Gobierno de España
Volver a sellar grandes acuerdos nacionales
Se pecaría de un cosmopolitismo esnob si quisiéramos pensar España sin conocer su historia. Así lo entendió Ortega y Gasset, el gran filósofo que construyó su pensamiento desde la realidad concreta de ser español. Tampoco hoy podríamos entender el momento de cambio que estamos viviendo sin nuestro ser europeo y pertenencia a un mundo global. España, como cualquier nación democrática y moderna, aspira al bienestar, la igualdad y la libertad. No es una utopía, sino una realidad contrastable con leyes dentro de una Constitución avanzada como la nuestra. Esa es su esencia y sobre ella gravitan todos los problemas que hay que afrontar. Quienes proponen liquidar lo que tan despectivamente llaman «el régimen del 78» parten de un error sintomático, el de querer superar un marco político que no ha sido patrimonio de nadie y lo suficientemente amplio para acoger a todas las opciones políticas, incluso a las más desintegradoras, una verdadero régimen liberal que tan ausente ha estado en nuestra historia a lo largo del siglo XX. Las fuerzas iliberales, las que en nombre del pueblo ponen en duda la democracia parlamentaria representativa actúan bajo el mismo impulso populista, en España y en el resto de Europa. Situar a la Constitución como el cerrojo que bloquea el desarrollo del país es, además de falso, un error capital porque de aquel consenso se ha desarrollado la España actual. Sin duda hay que volver a coser los grandes acuerdos que han permitido 40 años de convivencia, pero sobre la base que la han hecho ejemplar: Monarquía parlamentaria, unidad territorial, estado del bienestar y europeísmo. La Carta Magna puede reformarse en algunos de sus capítulos, pero sería temerario modificar los aspectos fundamentales que han permitido su vigencia hasta hoy, y en concreto el que regula la administración autonómica, porque supondría su liquidación. Previo a cualquier revisión de calado habría que sellar un nuevo pacto de lealtad que, siendo realistas, queda en estos momentos muy lejos.

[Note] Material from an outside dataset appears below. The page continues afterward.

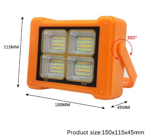 LONG BATTERY LIFE and RECHARGEABLE FROM THE SOLAR: The solar work light has a solar panel on the back and a 12000mAh rechargeable battery. The portable work light features an energy-efficient USB input that can be charged with electricity as well as a solar panel that allows it to be charged during the day.

Sin duda, el mayor problema político al que nos enfrentamos es el del «proceso» al independentismo catalán. Más allá de las consecuencias que ha tenido en Cataluña –división en dos comunidades políticas, salida de más cinco mil empresas, deterioro de las instituciones de autogobierno, con la Generalitat a la cabeza–, ha revelado que el nacionalismo no ha dudado en poner sus intereses particulares por delante del conjunto de la sociedad española, aunque esto supusiera el desmembramiento del país. Ha sido tan irresponsable su actitud, tan temeraria la apuesta de declarar la independencia unilateralmente, que hace realmente complicado cualquier negociación «de igual a igual» –como gusta decir a los secesionistas– y obligará a que el catalanismo, si es que queda algo de viejo ideario, se replanteé su papel en la política española con lealtad y participación plena. Desgraciadamente, reverberan las palabras de Ortega y Gasset escritas en un lejano 1922: «Unos cuantos hombres, movidos por codicias económicas, por soberbias personales, por envidias más o menos privadas, van ejecutando deliberadamente esta tarea de despedazamiento nacional».
La elección de la Monarquía parlamentaria, representada por la figura de Felipe VI, como objetivo a derribar por independentistas e izquierda populista, ocupa en esta operación un papel central, guiados por una vieja estrategia que viene de la peor época de nuestra historia del pasado siglo, la de un republicanismo sectario y mal entendido que sólo podía acoger al izquierdismo más incendiario y al separatismo montaraz, incapaz de aglutinar al conjunto de la sociedad, lo que supuso un dramático fracaso. Como decíamos, hay que conocer nuestra historia para no repetir los mismos errores. Es necesario, por lo tanto, que desde el constitucionalismo se respalde sin fisuras al Jefe de Estado, que ha sido capaz de encarnar una institución que se ha situado más allá del partidismo.
Por primera vez en estos últimos cuarenta años, el PSOE no es una garantía de estabilidad institucional y de asegurar los grandes consensos que necesita España. La llegada al Gobierno de Pedro Sánchez con partidos que se habían situado fuera de la Constitución ha sobrepasado una línea hasta ahora infranqueable, lo que hará reflexionar a más de un socialista y a muchos de sus votantes. El incumplimiento de convocar elecciones en el menor tiempo posible tras triunfar la moción de censura, no ayuda en nada a normalizar la vida política. Este hecho no ayuda en nada al fortalecimiento de un sistema de partidos en un momento en el que ha irrumpido, a izquierda y derecha, un populismo que apunta a la deslegitimación de las instituciones y de la misma acción parlamentaria. Es necesario que los partidos actúen con responsabilidad y capacidad para volver a tejer los grandes acuerdos nacionales.